陆丰一路狂奔,一头扎进那条昏暗的胡同。
还没等他看清前方的路况,后背就结结实实挨了一下重击。
那股力道极大,推着他往前踉跄两步,直接扑倒在地上。
“卧槽!”
他疼的龇牙咧嘴,惨叫出声。
天色越来越暗。
胡同里连个路灯都没有,人影根本看不清。
再加上黄正去买烟了,这群小弟也没人给他们看过照片,只知道大哥交代的任务是堵穿着校服的一男一女。
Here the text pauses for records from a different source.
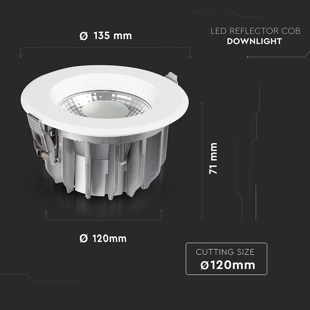 LED Downlight von V-TAC, Modell VT-26101 mit 10 Watt Leistung, ideal für den Einsatz in Wohnräumen, Ausstellungsräumen, Hotels und Boutiquen. Das Produkt bietet eine Lichtstärke von 1200 Lumen bei einer Effizienz von 120 lm/W und einer Farbtemperatur von 6400K. Die Lebensdauer beträgt bis zu 20.000 Stunden und erfüllt hohe Qualitätsstandards. Die Maße betragen 140 mm x 110 mm x 140 mm, das Gewicht liegt bei 0,53 kg. Ausgestattet mit einem hochwertigen COB LED-Chip und einem Aluminiumgehäuse für optimale Wärmeableitung.
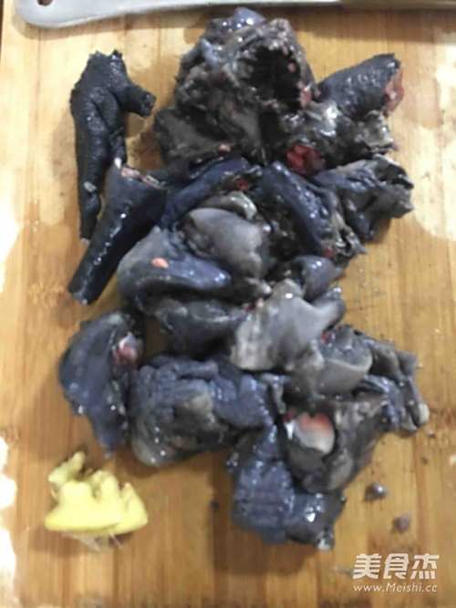 乌鸡洗净切片,鸡脚洗净切去爪尖,姜切片
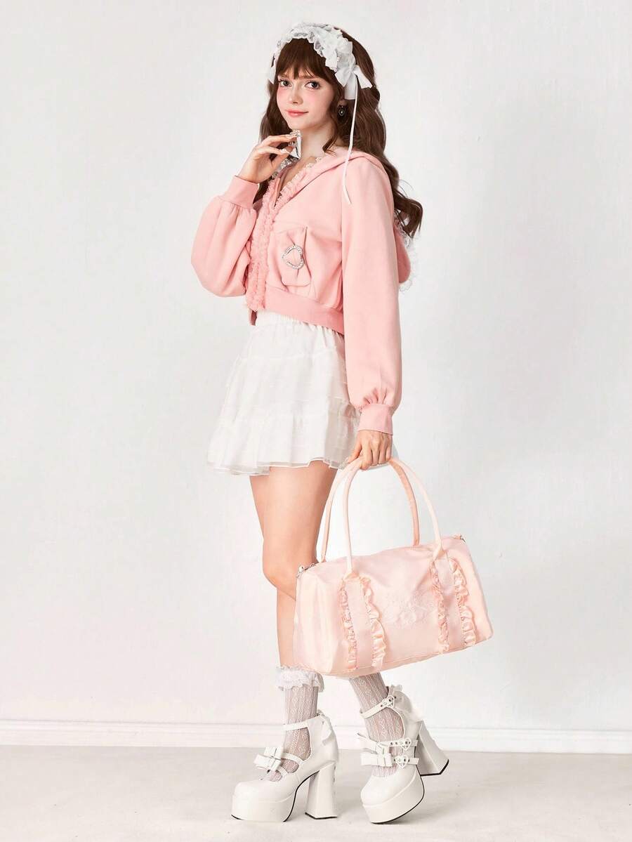 Kawaii Floral Pattern: 336027 Rabbit Bow Short Trip Bag Women's Business Travel Tote Handbag Messenger Bag 2-In-1 Large Capacity Lightweight Gym Sports Duffel Bag
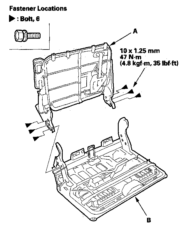 23. Remove the bolts, then separate the right seat-back frame (A) and right seat cushion frame (B).
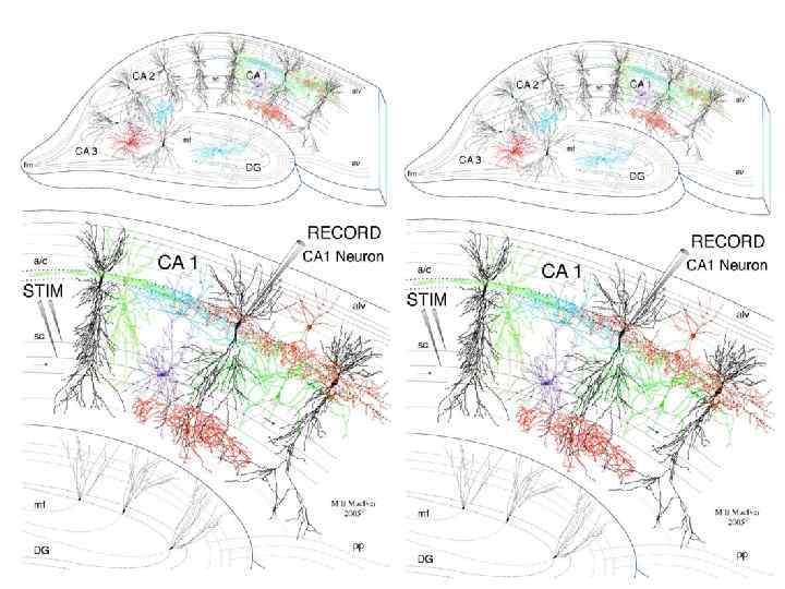 Постсинаптическая пластичность Ассоциативная ДВП в переживающих срезах гиппокампа кролика представляет собой результат ассоциации возбуждения двух афферентных путей. В экспериментах пирамидные нейроны поля СА 1 стимулируют через два пути: 1) «слабая» стимуляция коммисуральных входов, которая вызывает слабый ПСП. 2) «сильная» стимуляция коллатералей Шаффера (входы от нейронов CA 3), которая вызывает существенно больший ПСП.
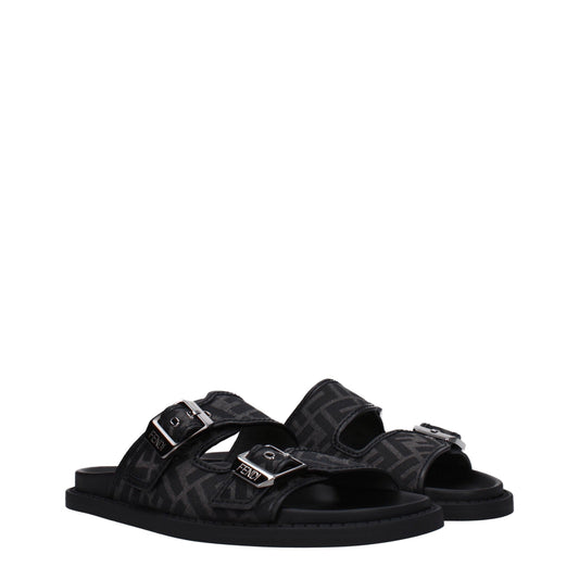 Fendi Men’s FF Mono Canvas & Leather Flip-Flops Nero

眼下看到个穿校服的男生火急火燎的冲进来,后头跟着个同龄的妹子,几个年轻力壮的小混混理所应当的认为,这就是他们要打的陈诚。
于是逮着地上的陆丰就是一顿好揍。
原本跟在后头那个想送情书的小姑娘刚追到胡同口,她还没来得及开口说,“陆学长,我已经喜欢你很久了,请你一定要答应我的告白”,就看见里头黑压压一群人在群殴。
那姑娘吓的面色苍白,尖叫一声,转身就跑,连告白信都吓得扔了。
陆丰被踹的满地打滚,他这才反应过来,这群人就是自已找来的帮手,于是拼命想扯着嗓子喊,你们他妈的打错人了,老子是雇主!
可密集的拳脚毫不留情的砸在他身上,疼的连一句完整的话都说不出来,只能发出痛苦的闷哼。
这群混子里有个看起来年纪不大的男生,手里边拎着根棒球棍,迟迟没有落下。
“不是,大哥还没来,这要揍到啥时候才算完啊?”
那个留着杀马特发型的男生朝着嗷嚎不止的陆丰身上啐了口唾沫。
他这才挥挥手,喊着人撤退。
“行了行了,差不多了,再打要出人命了,赶紧撤。”
脚步声渐渐远去,胡同里重新恢复了死寂。
陆丰鼻青脸肿的趴在地上,被揍的浑身疼的发颤,咬牙切齿的拍了下地面,眼睛里全是怨毒。
“陈诚,你他妈给老子等着!”
走在路上的陈诚莫名其妙打了个响亮的喷嚏。
他揉了揉鼻子,心想是谁在背后骂他。
走在旁边的沈幼怡还在小口小口的啃着炸串。
她吃东西的速度很慢,两人都快走完三分之二的路程了,她手里那把炸串才吃下去不到三根,咀嚼的动作很轻。
沈幼怡嚼着嚼着,发现陈诚一直在盯着自已看。
她眨了眨眼睛,以为哥哥也想吃。
她甚至没来得及思考,下意识就把手里那串吃了一半的炸鸡柳递到了陈诚的嘴边。
这个动作做完,她自已先僵住了。
这可是她吃过的。
要是现在把手收回来,又会变得更加奇怪和尴尬。
她只能举着手停在那里,心脏在胸腔里怦怦直跳。
陈诚也不知道自已是怎么了。
看着沈幼怡递过来的炸鸡柳,还有她那双带着点慌乱的清澈眼眸,他鬼使神差的往前凑了一下,张嘴咬了一口。
味道确实挺好吃的。
不知道是那家店的技术进步了,还是有什么其他的原因,他总觉得比以前吃的都要香。
沈幼怡的小手慢慢收了回去。
她低着头,继续吃剩下的鸡柳,耳垂泛起大片深红。
心底却莫名涌起一点点雀跃。
这好像是间接接吻叭…
她也不知道为什么,但就是很开心,连胃里都觉得暖洋洋的。
回到那间小小的公寓。
沈幼怡在玄关换上带兔子图案的拖鞋,提着炸串走到茶几前放下。
她从袋子里摸出昨晚没喝的旺仔牛奶,在桌面上摆齐。
经过这几天的相处,陈诚发现沈幼怡好像变了。
在家里的时候,她不像以往那么怯弱了。
她现在会时不时抬起头看他,也会展露出一些鲜活的小表情。